Bandy Adams

Personal information
- Full name: Don Patrick Adams
- Born: 15 February 1934 Maitland, NSW, Australia
- Died: 4 March 2020 (aged 86) Scone, NSW, Australia

Playing information
- Position: Wing
Representative
| Years | Team | Pld | T | G | FG | P |
| 1955–59 | NSW Country | 5 | 4 | 0 | 0 | 12 |
| 1955–56 | New South Wales | 9 | 13 | 0 | 0 | 39 |
| 1956 | Australia | 5 | 5 | 0 | 0 | 15 |
- Relatives: David Adams (son) Adam Clydesdale (grandson) Jock Madden (great nephew)

= Bandy Adams =

Australian rugby league player (1934-2020)

Don Patrick "Bandy" Adams (15 February 1934 – 4 March 2020) was an Australian rugby league player.

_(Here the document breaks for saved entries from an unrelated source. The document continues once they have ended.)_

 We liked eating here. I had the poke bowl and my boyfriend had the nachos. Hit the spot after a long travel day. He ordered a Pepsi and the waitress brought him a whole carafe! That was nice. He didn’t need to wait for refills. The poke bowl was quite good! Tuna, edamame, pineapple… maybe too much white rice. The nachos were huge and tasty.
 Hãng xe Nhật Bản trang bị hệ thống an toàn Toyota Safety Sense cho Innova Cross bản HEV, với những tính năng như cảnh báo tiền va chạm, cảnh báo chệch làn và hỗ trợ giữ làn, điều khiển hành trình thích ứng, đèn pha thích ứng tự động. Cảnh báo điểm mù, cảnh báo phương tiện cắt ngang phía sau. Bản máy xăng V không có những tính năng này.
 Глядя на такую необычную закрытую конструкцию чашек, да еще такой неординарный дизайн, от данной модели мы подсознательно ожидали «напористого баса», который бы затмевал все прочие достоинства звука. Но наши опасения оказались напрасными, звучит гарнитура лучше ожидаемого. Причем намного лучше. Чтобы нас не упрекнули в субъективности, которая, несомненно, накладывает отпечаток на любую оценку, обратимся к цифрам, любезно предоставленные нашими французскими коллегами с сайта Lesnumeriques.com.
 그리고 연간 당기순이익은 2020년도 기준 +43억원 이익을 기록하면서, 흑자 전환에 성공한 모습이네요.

Born in Maitland, Adams was a stocky winger known for his career as a player/coach across the Hunter Valley during the 1950s, 1960s and 1970s. He went by the nickname "Bandy" and made 191 appearances for his hometown side the Maitland Pickers. After making his first-grade debut for Maitland in a grand final at the age of 17, Adams began his representative career in 1955 with appearances for both New South Wales and NSW Country.

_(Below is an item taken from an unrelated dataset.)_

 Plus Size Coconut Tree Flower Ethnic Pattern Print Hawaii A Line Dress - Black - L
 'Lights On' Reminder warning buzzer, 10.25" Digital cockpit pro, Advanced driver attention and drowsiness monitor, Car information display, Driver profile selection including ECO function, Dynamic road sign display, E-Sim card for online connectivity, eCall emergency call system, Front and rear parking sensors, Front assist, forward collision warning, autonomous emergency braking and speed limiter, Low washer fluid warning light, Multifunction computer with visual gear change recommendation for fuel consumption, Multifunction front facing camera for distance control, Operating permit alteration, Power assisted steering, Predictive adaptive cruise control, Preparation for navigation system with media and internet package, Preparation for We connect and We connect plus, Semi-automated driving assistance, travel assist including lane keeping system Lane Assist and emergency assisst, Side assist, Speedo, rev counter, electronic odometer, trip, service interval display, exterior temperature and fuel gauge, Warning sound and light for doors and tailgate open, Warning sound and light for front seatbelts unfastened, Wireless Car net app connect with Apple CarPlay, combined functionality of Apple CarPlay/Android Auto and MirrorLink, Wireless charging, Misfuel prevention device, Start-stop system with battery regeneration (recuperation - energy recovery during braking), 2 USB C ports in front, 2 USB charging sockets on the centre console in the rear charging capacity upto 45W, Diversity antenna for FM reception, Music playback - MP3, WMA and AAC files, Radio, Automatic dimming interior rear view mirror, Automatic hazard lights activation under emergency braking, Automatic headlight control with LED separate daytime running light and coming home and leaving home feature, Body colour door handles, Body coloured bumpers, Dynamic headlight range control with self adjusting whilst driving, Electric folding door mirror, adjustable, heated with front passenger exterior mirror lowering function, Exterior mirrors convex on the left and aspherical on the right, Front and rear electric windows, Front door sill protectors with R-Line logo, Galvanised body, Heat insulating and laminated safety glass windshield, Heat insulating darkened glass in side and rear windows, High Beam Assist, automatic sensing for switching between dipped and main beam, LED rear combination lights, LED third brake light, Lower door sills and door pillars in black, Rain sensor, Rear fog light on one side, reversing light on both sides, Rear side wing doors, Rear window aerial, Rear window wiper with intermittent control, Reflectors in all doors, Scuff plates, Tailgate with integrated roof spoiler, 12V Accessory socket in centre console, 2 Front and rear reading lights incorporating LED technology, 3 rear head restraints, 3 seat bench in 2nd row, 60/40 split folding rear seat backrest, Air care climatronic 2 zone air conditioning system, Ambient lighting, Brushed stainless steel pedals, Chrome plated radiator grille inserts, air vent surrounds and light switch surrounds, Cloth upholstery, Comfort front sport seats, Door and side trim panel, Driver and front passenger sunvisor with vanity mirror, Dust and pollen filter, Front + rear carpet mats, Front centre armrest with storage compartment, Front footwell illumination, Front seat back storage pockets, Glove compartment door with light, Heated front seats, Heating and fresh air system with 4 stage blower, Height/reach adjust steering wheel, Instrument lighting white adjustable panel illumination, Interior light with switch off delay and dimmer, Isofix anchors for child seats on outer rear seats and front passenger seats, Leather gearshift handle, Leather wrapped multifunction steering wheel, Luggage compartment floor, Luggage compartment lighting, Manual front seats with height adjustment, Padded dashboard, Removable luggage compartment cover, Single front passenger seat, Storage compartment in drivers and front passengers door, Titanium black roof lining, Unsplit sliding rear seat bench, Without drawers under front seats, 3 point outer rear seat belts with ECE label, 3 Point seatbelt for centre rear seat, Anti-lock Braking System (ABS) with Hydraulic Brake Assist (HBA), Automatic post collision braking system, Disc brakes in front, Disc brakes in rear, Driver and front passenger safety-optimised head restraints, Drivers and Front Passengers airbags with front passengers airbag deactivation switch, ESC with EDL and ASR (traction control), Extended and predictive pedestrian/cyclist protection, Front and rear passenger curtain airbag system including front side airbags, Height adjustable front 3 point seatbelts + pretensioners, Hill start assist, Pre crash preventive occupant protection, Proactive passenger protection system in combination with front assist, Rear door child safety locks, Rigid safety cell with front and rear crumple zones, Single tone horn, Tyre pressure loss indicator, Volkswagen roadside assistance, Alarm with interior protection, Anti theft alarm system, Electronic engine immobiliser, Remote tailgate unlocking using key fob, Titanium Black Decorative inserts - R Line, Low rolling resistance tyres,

Adams was a member of the Australia team for all three of their 1956 home Test matches against New Zealand, scoring two tries on debut, including a last-minute match-winner. He followed this up with a hat-rick in the 3rd Test in Sydney. These performances helped him gain a place on the 1956–57 tour of Great Britain and France, where he featured in a further two Test matches and accumulated 11 tries from 15 tour fixtures.

As a coach, Adams had stints in charge of Gloucester, Scone, Muswellbrook and the Northern Division representative side, which included future international second-rower Noel Cleal.

Adams was the father of Manly and Balmain halfback David and grandfather of NRL hooker Adam Clydsdale. His brother's grandson is Brisbane Broncos halfback Jock Madden.